[-empyre-] Nonsite as recovery
John Haber
jhaber at haberarts.com
Sun Jan 13 09:11:24 EST 2008
At the very least, I argued last time, no one is getting rid of
surprisingly nostalgic, even trashy conceptions of site and nonsite, not
even by going online. It may not have much to do with the
under-the-radar approach of Smithson and Matta-Clark, but it bears their
obvious traces all the same. Besides, people who buried buildings or
blasted through the roof made some pretty bold gestures, too.
What accounts, then, for the resurgent interest in two artists and two
entangled ideas? Most obviously, it amounts to the usual generational
swings, as yet another age cohort enters the museum. After
Neo-Expressionism and irony, it has become safe to return to the past --
provided it comes without the old narratives of formalism and theater.
In 2007, too, for example, David Reed curated a view of the late 1960s
and early 1970s as "High Times, Hard Times." While it focused on
painting, there, too, art spilled over into space. A year earlier, MOMA
devoted the atrium to Jennifer Bartlett's "Rhapsody" as another study in
how painting refused to die.

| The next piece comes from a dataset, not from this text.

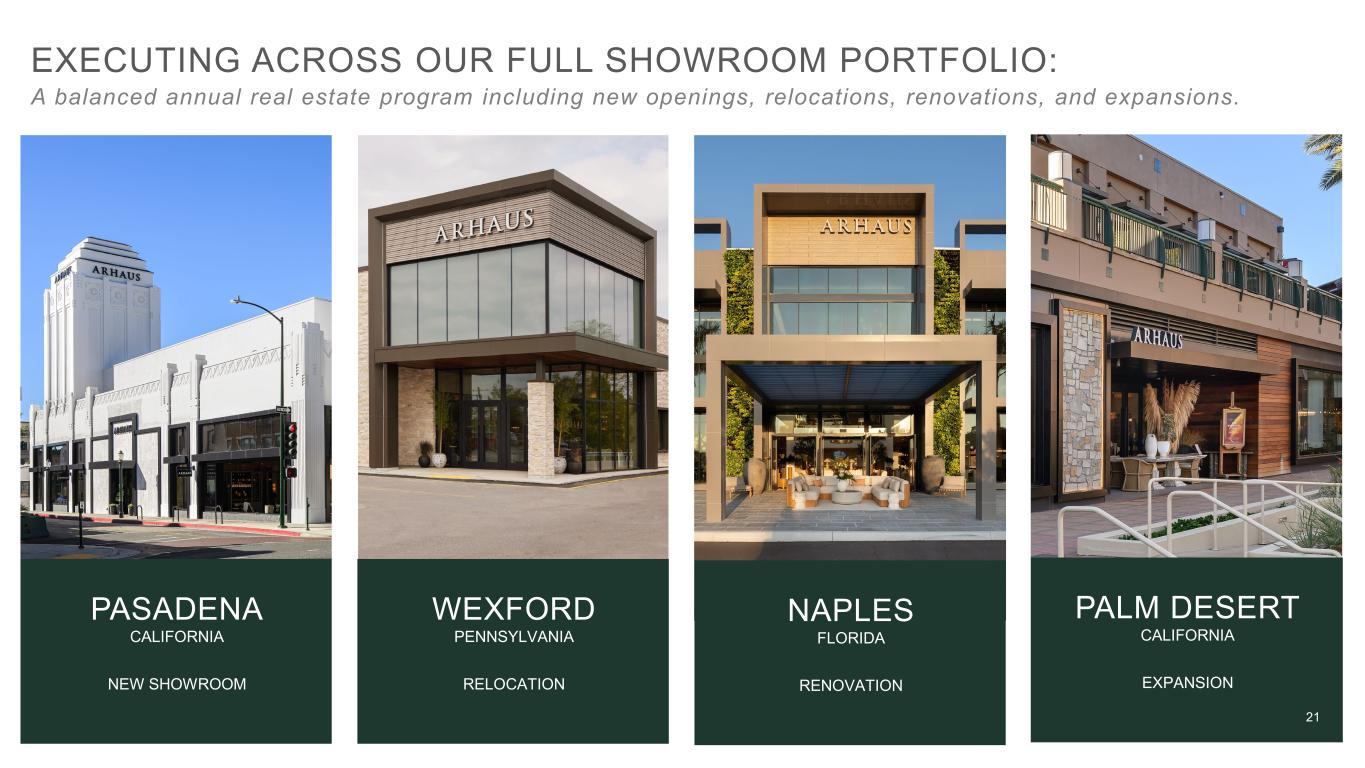 20 OUR DISCIPLINED REAL ESTATE STRATEGY Managing total showroom projects annually across new openings, relocations, renovations, and expansions. New Showrooms – Whitespace Expansion Targeted expansion into high-quality, high-traffic markets guided by a disciplined, data-driven market selection model. Relocations – Productivity Optimization Strategically relocating legacy showrooms into stronger areas with improved visibility, co-tenancy, and access to affluent customers, driving uplift versus prior locations. Renovations – Brand Protection & Relevance Refreshing and modernizing existing showrooms to elevate the client experience, reinforce brand standards, and sustain performance over time. Expansions – Revenue Maximization Selectively expanding high-performing locations to meet demand, unlock additional square footage productivity and maximize revenue potential. GIANNI SECTIONAL IN NAPLES SHOWROOM

Minimalism is fine now, honest, so long as
comes with a warm narrative of survival—and reasonably warm, fluid
work to match.
Conversely, the themes never really began with Smithson and Matta-Clark,
and they never went away. One can see their presence in the litany of
recent exhibitions, or one can look back in time instead. Postmodernism
has seen disruptions of art as self-contained cultural artifact in
everything from Dada to Walter Benjamin's Arcade Project. Even the
idealism of Le Corbusier's buildings surrounded by park, like Olmstead's
Central Park, invites human habits and landscape to fight it out for
themselves. Besides, if Modernism sounds too utopian these days, one
should not overlook the late-1960s optimism in Smithson and Matta-Clark,
both recovering contested sites for artists and others on the economic
margins.
For all that, something has changed. One can see it in the almost
ridiculous explosion I have noted in 2007. Another purported use of
real-time data, by the Brooklyn duo Fame Theory, displays career
prospects numerically on LED, like a pretend stock ticker. One can see
it, too, from my own attempt at a hitsory. Note how fixed notions of
temporal continuity and discontinuity have entered an account of site
and nonsite. One recovers nonsites in installations today as if
recovering the past. In the process, one recovers conceptual boundaries
all over again, even when one thought one had broken through the walls.
I want therefore to consider alternatives to art history as blissfully
marching on or in need of recovery. Museums sometimes like it that way,
and the scenario has real power. Tomorrow I shall take up challenges to
so optimistic a view. Maybe the ruptures that nonsites and earthworks
thought they earned have lost some of their ability to disrupt.